Before meeting Marlene I'd struggled with my mind for over 10 years. I'd had some counselling, tried medication and been put in front of a psychiatrist but nothing really stuck and I was convinced I'd always be a little bit 'mad' and a little bit 'sad'. In the middle of 2016 I really hit a low point. Although I was doing my dream job and I liked the work, the environment and the people were slowly driving me into a deep depression and I piled on weight, became really angry, and I wasn't very nice to be around. I was permanently on edge too, and spent most of my time thinking about the worst case scenario for everything. It was exhausting and my brain, although it's always been active, had never been so noisy.
In the summer of 2016 I started taking anti depressants and these helped to level me out and allow me to sleep and function better, but I was still treating my emotions and feelings with food, booze and spending money on things I didn't need. In short, I was behaving in extremes. From unhealthy relationships and crazy fitness and diet regimes that couldn't last, to going out and spending hundreds of pounds on a night out, or eating several packets of biscuits, I felt completely out of control, which was perpetuating my anxiety.

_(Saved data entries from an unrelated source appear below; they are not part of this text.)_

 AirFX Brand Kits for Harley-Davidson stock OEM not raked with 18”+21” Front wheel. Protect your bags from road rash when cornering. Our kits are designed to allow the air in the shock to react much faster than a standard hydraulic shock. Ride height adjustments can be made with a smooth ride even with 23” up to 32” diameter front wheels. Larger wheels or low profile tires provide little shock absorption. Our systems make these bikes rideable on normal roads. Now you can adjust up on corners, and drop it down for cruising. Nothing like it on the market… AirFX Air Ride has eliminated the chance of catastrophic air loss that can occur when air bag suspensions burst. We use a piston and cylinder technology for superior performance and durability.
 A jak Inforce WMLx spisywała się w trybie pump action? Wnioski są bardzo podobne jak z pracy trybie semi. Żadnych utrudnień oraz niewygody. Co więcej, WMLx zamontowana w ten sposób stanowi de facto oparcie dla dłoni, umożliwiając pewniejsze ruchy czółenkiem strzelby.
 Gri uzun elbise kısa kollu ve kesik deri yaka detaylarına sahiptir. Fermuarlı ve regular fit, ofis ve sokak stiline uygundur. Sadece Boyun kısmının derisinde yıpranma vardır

Eventually, I began to feel like I was becoming dependant on my medication to feel level and that was something I really didn't want. Work was getting worse and worse by the day, and my Mum started to notice changes in my mood and behaviour when I had forgotten to take my medication. Both of us were really concerned by this and I realised I had hit rock bottom and something had to change.
I was recommended Marlene by a friend of my Mum's and I have to admit I was initially sceptical. I like things that make sense, my brain loves an explanation and I assumed that energy healing would be rooted in the mystical, but I was willing to give it a go. I was willing to give ANYTHING a go! I was also really nervous because previous counselling experiences were actually quite harrowing and often left me feeling worse. However, the minute I met Marlene I immediately felt calm and knew I was in the right place. We had an instant connection and she seemed to know exactly how to communicate with me to make me feel comfortable and make sense of my noisy brain.

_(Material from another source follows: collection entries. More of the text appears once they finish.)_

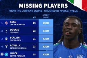 缺席本期意大利队球员身价榜:
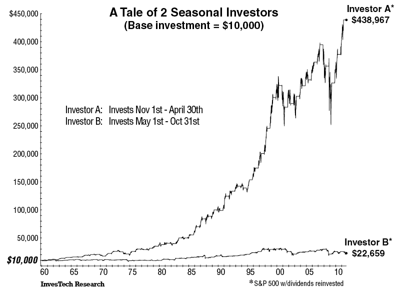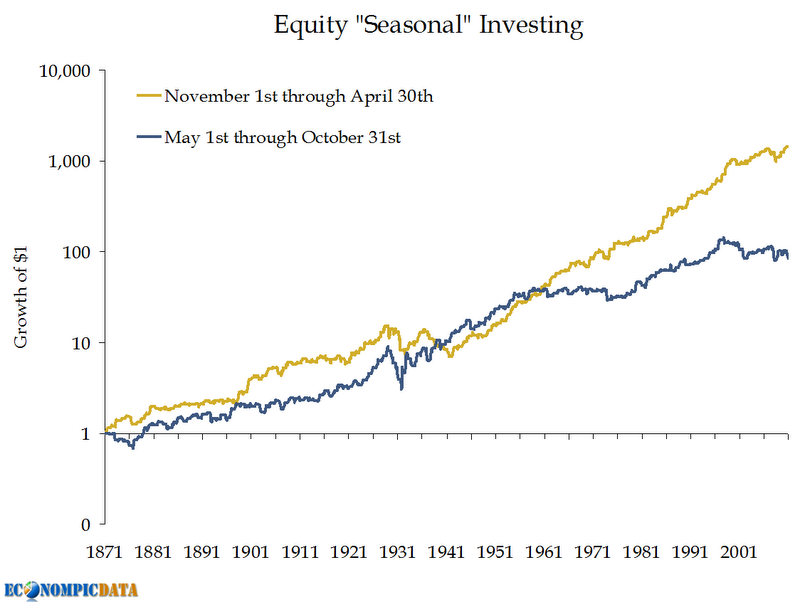 Of deze grafiek klopt heb ik niet gecontroleerd, maar dit is de impact van het Sell in May effect…
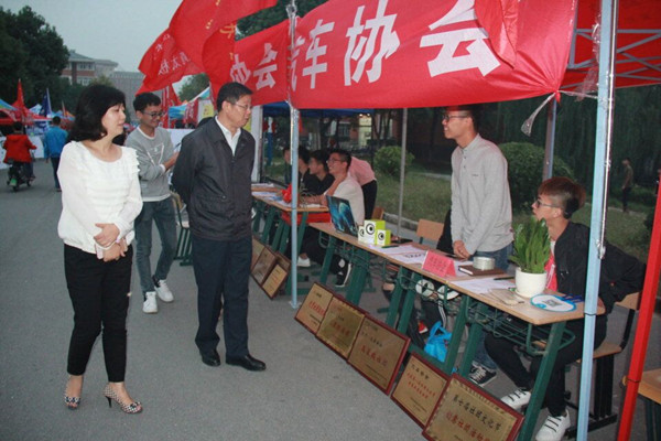 吴大明细心的走过每一个社团的摊点,逐一询问各社团招新情况,并亲切地与各社团同学进行了交流与沟通。吴大明充分肯定了学生社团在校院园文化建设丰富大学生第二课堂、促进学生成长成才方面发挥的积极作用。同时希望,学生社团注重活动开展质量,注重会员权益的保护,注重社团文化的传承与创新,注重可持续发展,不断凝聚会员,努力促进会员成才。他强调,学生要以学习为本,学生社团活动的第一课堂有益补充,不得占用上课时间。他要求,院团委高度重视学生社团工作,社团指导老师把握学生社团发展方向,注意开展活动的安全保护,为学生社团开展活动提供必要的支持和帮助。

In traditional counselling I've always found that you spew your feelings out and go home, whereas Marlene listened to me and helped me to understand WHY I was feeling the way I felt. As I suspected, the majority of my issues were rooted in my self esteem and self worth.
After two sessions I had the clarity and the confidence to look at my life and see what had to change. I plucked up the courage to quit my toxic job with no further employment to go to and I had an instant sense of calm.

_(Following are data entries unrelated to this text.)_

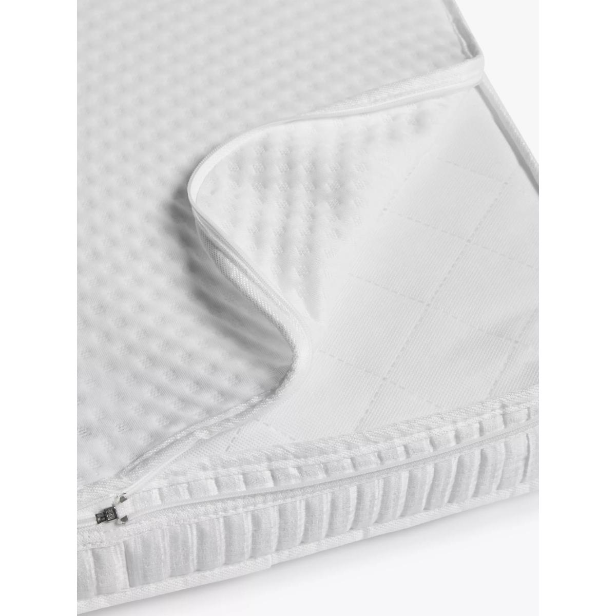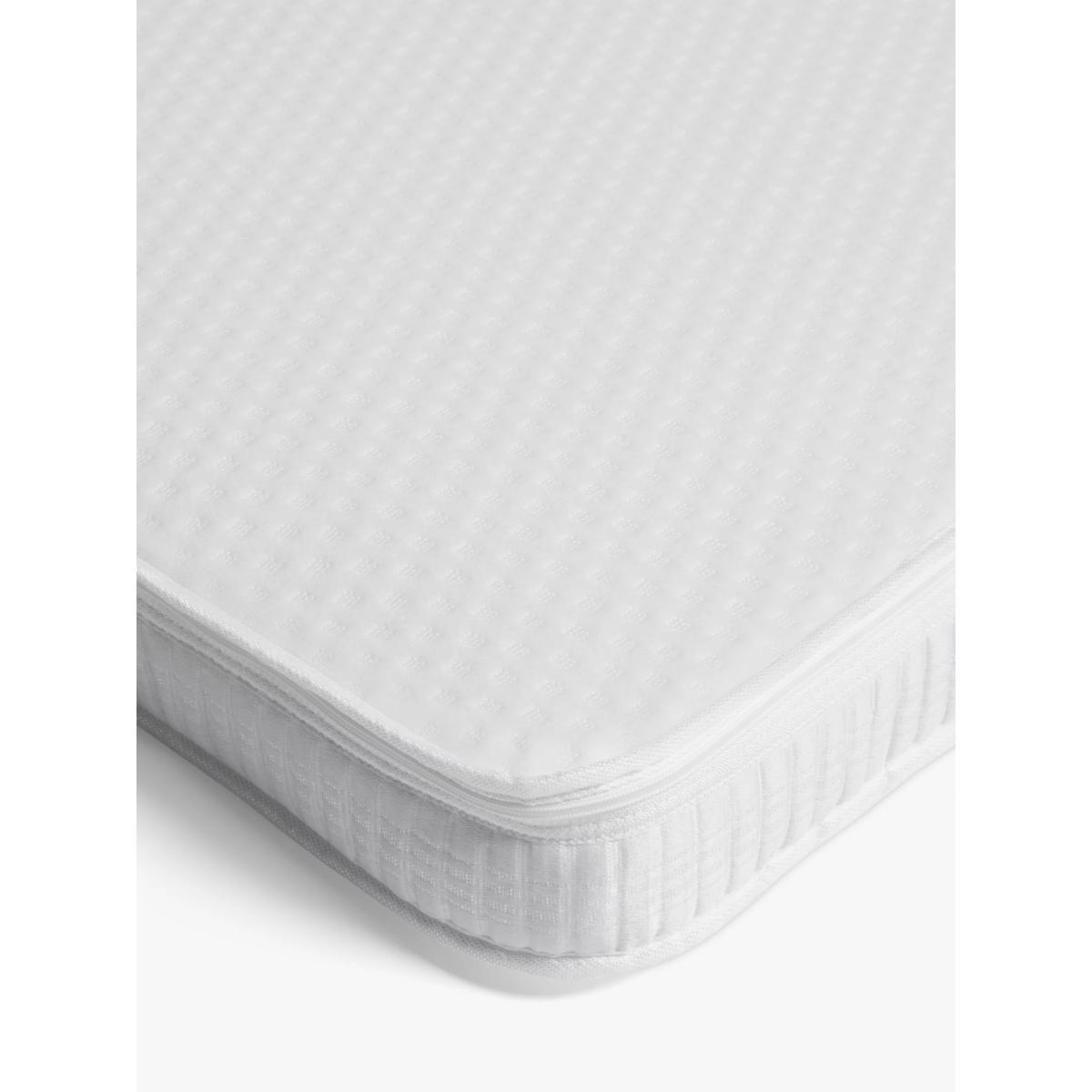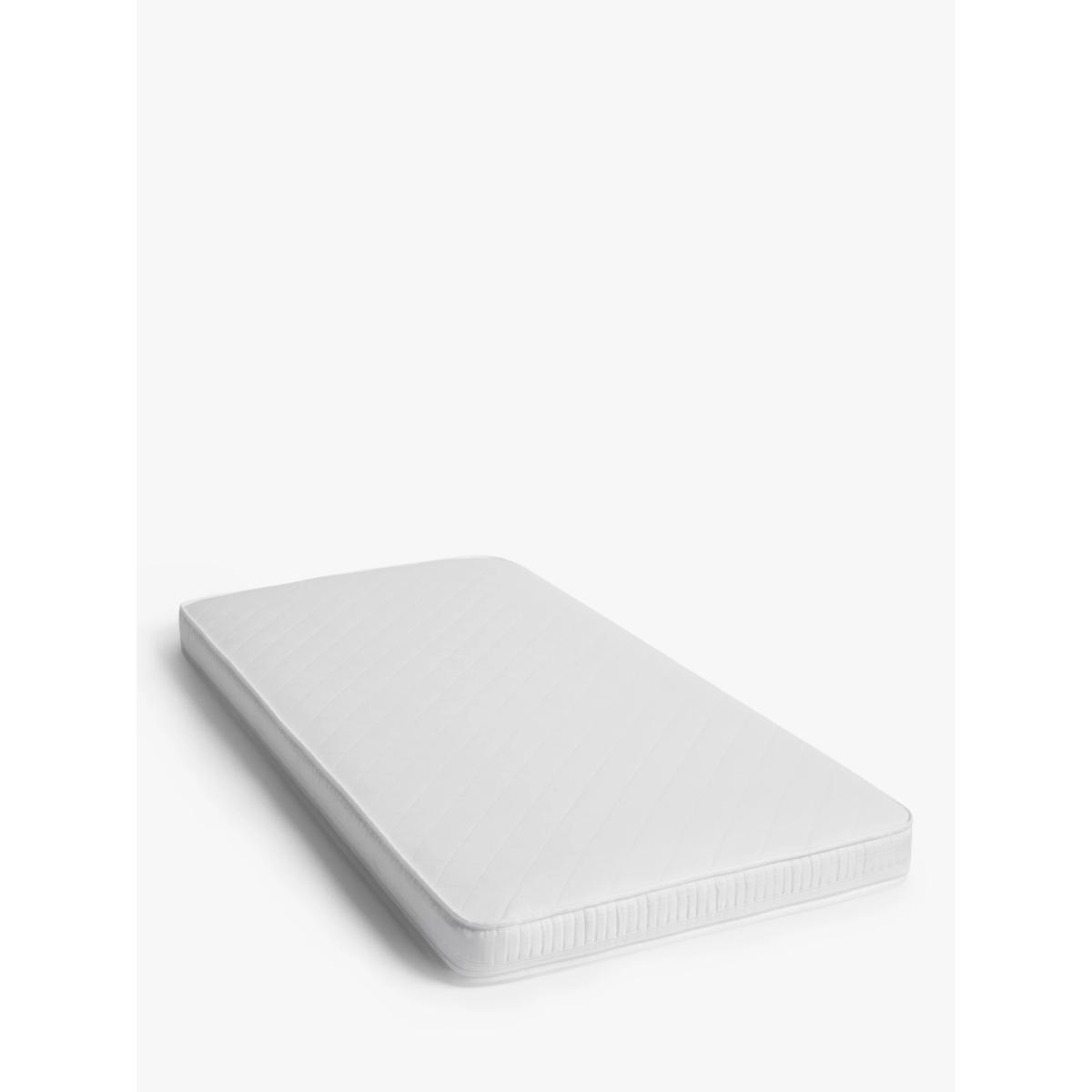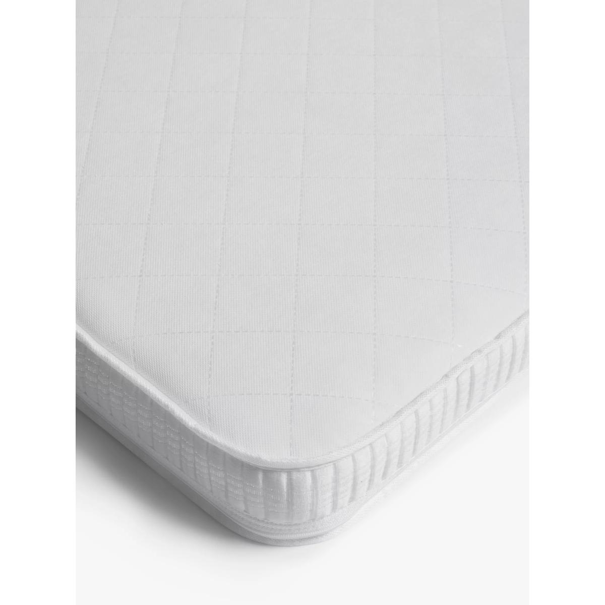 Comfortable yet supportive, this Classic Sprung mattress is a great choice for your baby. Ensuring a good night's sleep for your baby in the early years is key to their growth and development (and dare we say it, your sanity). With wonderful features like breathable and supportive baby safe fibres, natural anti-allergenic properties and a firm but comfortable sprung base, this cot mattress helps ensure that your baby gets the good quality sleep that they need. The firm sprung base will ensure your little one will be well supported as they sleep while the soft-touch, the knitted cover provides better airflow to help keep your baby at a comfortable, safe temperature. Plus the baby-safe fibre interior makes the mattress breathable for your peace of mind. For a healthier, cleaner sleep surface, this cot mattress is treated with Actipro. 100% natural, Actipro helps guard against allergens - ideal if your baby has asthma or allergies. Ever practical, there's no need to worry about those inevitable accidents thanks to the removable cover. The cover can be zipped off and machine washed up to 60°C, whilst the waterproof, wipeable PVC cover protects the mattress core. Key Features: Perfect for babies from birth up to 5 years old Firm and comfortable sprung base Breathable and supportive baby-safe fibre Soft-touch, breathable knitted cover Natural Actipro treatment protects against allergens Anti-allergenic - ideal for babies with allergies or asthma Waterproof, wipeable cover keeps the mattress core clean and makes it easy to manage accidents Single-sided - no need to turn Easy to keep clean and fresh - cover is machine washable at 60°C Good things to note when buying your mattress: Always check the mattress size you’ve bought is the correct one for the size of your cot/cotbed before removing from the packaging. Please ensure to always store the mattress flat or in the cot/cotbed, not upright. Due to the nature of shipping, (once the packaging has been removed and safely disposed of) please allow 24-48 hours for the mattress to settle before use. Please check that any fitted sheets used are the correct size for the mattress. Sheets that are too tight may compress the mattress, leaving a larger than is safe gap between the mattress and the cot. This also applies to sheets that may have shrunk in the wash. Always position your mattress in the centre of your cot so that there is no more than a 30mm gap between the cot and the mattress on the side, top, or bottom, once it has fully expanded. This allows the mattress to settle in use and leaves space for bedding. A gap on any side under 30mm is considered safe and acceptable.
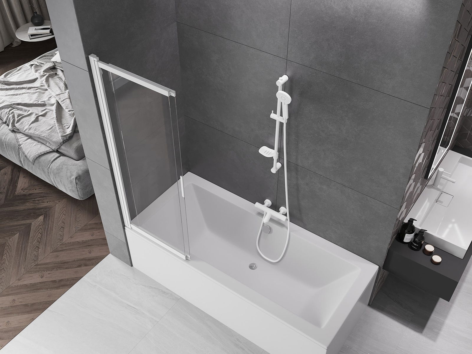 Effective protection against water spilling during bathing. The screen has seals that perfectly fit the glass surface and the edge of the bathtub. A functional solution ensuring safety and easy maintenance of cleanliness.
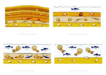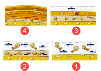 شکلهای زیر مراحل تشکیل فسیل را نشان میدهند. آنها را به ترتیب شمارهگذاری کنید.

Without that weight of negativity blocking me, Marlene and I were able to work on some of my other issues, things that have always been a problem for me, and she helped me to make sense of why I was feeling the way I did about certain things. She gave me the tools to continue working on these issues myself as they are now no longer a problem day-to-day. Things that I had found challenging before, like family events, overthinking non-issues, and feeling inadequate were suddenly easy to navigate.
Leaving Marlene's is totally different to leaving a counselling or psychiatry session. I can't quite put it into words, but the sense of calm one feels is incredible. In particular the feeling of the ability to push away other peoples' negativity was really helpful to me. I'm an empath and my
Own energy had been clouded by that of so many others, now I'm able to push their negativity away and focus on myself.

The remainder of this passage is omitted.